Dynamic planning is more flexible but may have higher runtime overhead and fragmentation.

Modern systems often combine both:

static allocation for stable graph regions
dynamic allocation for variable regions

Memory Pools

Repeated allocation and deallocation are expensive.

Many AD runtimes use memory pools.

Instead of returning freed memory to the operating system, buffers remain in a reusable pool.

allocate buffer
use buffer
mark free
reuse buffer later

This reduces allocator overhead and fragmentation.

Memory pools are especially important for GPU execution because device allocations can be slow.

Alias Analysis

Mutation introduces aliasing problems.

Example:

a = b
a[i] = 1

The update affects both names.

The memory planner must know:

Which buffers may alias?
Which updates are visible elsewhere?
Which saved values become invalid after mutation?

Incorrect alias analysis can produce wrong gradients.

Compiler-based systems often use SSA-style memory models or effect systems to make aliasing explicit.

Compression

Saved activations may be compressed.

Strategies include:

Compression methodTradeoff
Lower precisionLess memory, reduced numerical accuracy
QuantizationSmaller storage, reconstruction overhead
SparsificationReduced memory for sparse activations
Delta encodingEffective for slowly changing states
Recomputation from seedsMinimal storage, extra compute

Compression is increasingly important for very large models.

Distributed Memory

Large-scale training distributes activations and gradients across devices.

The planner must coordinate:

device-local buffers
communication buffers
gradient synchronization
pipeline stages
activation sharding
optimizer state placement

The derivative graph is therefore also a communication graph.

Memory planning becomes coupled with network scheduling.

Forward-Mode Memory

Forward mode uses less memory because derivatives propagate immediately.

A forward-mode computation usually needs only:

current primal values
current tangent values

No backward replay is required.

This is one reason forward mode is attractive for small-input problems and higher-order local differentiation.

Persistent vs Ephemeral Values

Some values persist across calls:

model parameters
optimizer state
compiled kernels
memory pools

Others are ephemeral:

temporary activations
adjoints
intermediate reductions
loop-local buffers

The planner must distinguish them.

Persistent values may justify expensive layout optimization.
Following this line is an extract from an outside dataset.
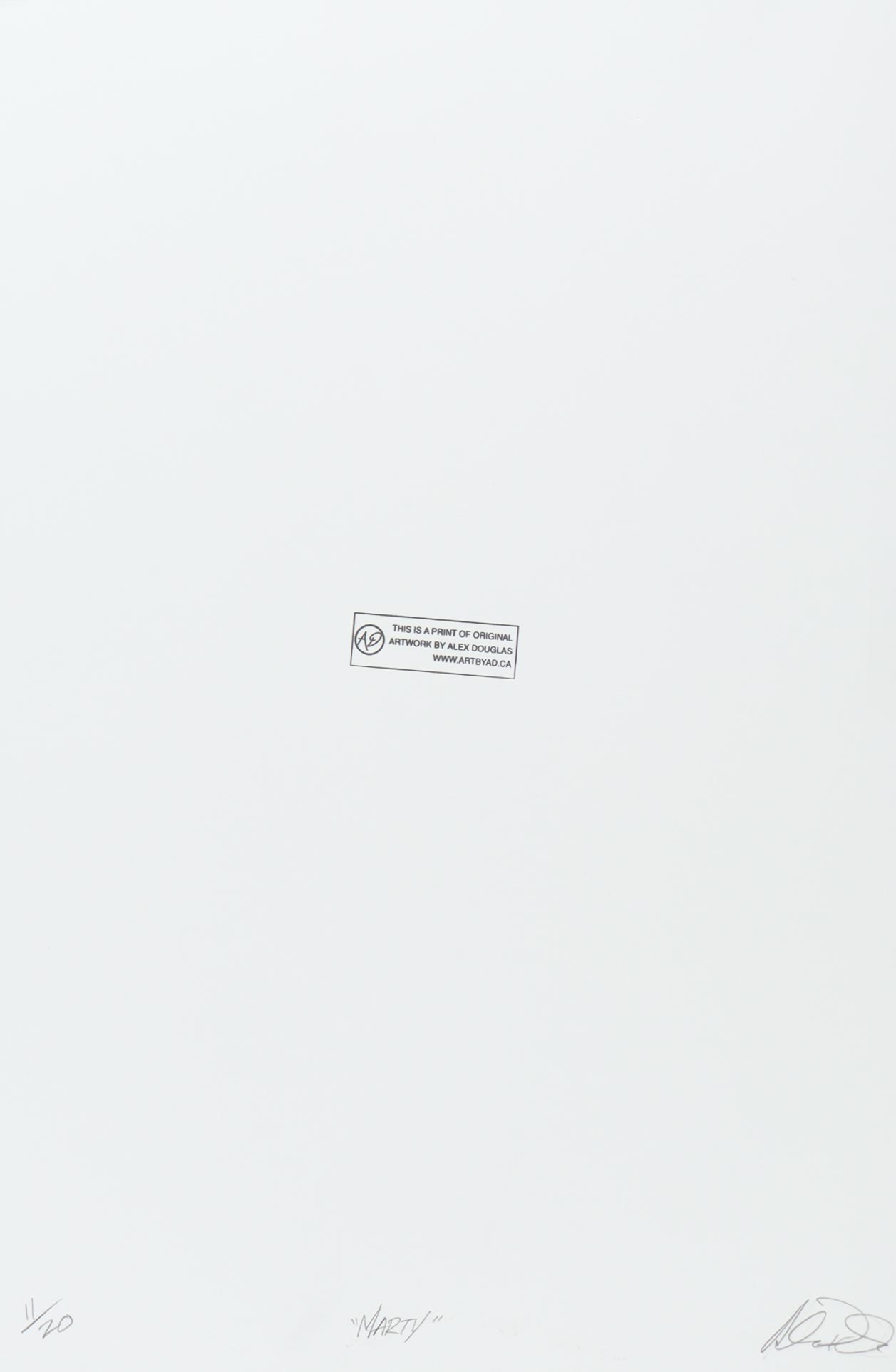 Lithograph measures approximately 12" x 18" in size. Hand-signed by Martin Brodeur (NEw Jersey Devils). Has also been signed by the artist Alex Douglas. Limited edition numbered #11/20.

Ephemeral values favor rapid allocation and reuse.

Memory Planning and Numerical Stability

Recomputation changes floating-point behavior.

Example:

save exact forward value
vs
recompute approximately equivalent value

Because floating-point arithmetic is not associative, recomputation may produce slightly different results.

For most machine learning workloads this is acceptable. For high-precision scientific computing, deterministic replay may matter.

The planner therefore influences both performance and numerical reproducibility.

Compiler Integration

Memory planning is closely tied to compiler optimization.

The compiler needs:

shape inference
liveness analysis
effect analysis
alias analysis
scheduling
device placement
cost models

A modern AD compiler does not treat memory as an afterthought. Memory is part of the program transformation process itself.

Design Questions

A memory planning system for AD should answer:

Which values must survive for backward?
Which values can be recomputed?
When can buffers be reused?
Which operations allow in-place updates?
How are aliases tracked?
How are dynamic shapes handled?
How are buffers distributed across devices?
How is checkpointing chosen?
How are memory and compute tradeoffs modeled?

Different systems make different tradeoffs depending on workload.

Summary

Memory planning determines the practical scalability of reverse-mode automatic differentiation.

The main challenge is that backward computation depends on forward intermediates. A naive system stores everything. A scalable system analyzes lifetimes, reuses buffers, rematerializes values, checkpoints computations, and coordinates memory with execution scheduling.

In modern AD systems, memory planning is not separate from differentiation. The structure of the derivative program directly determines what must be stored, when it must remain alive, and what can be discarded or recomputed.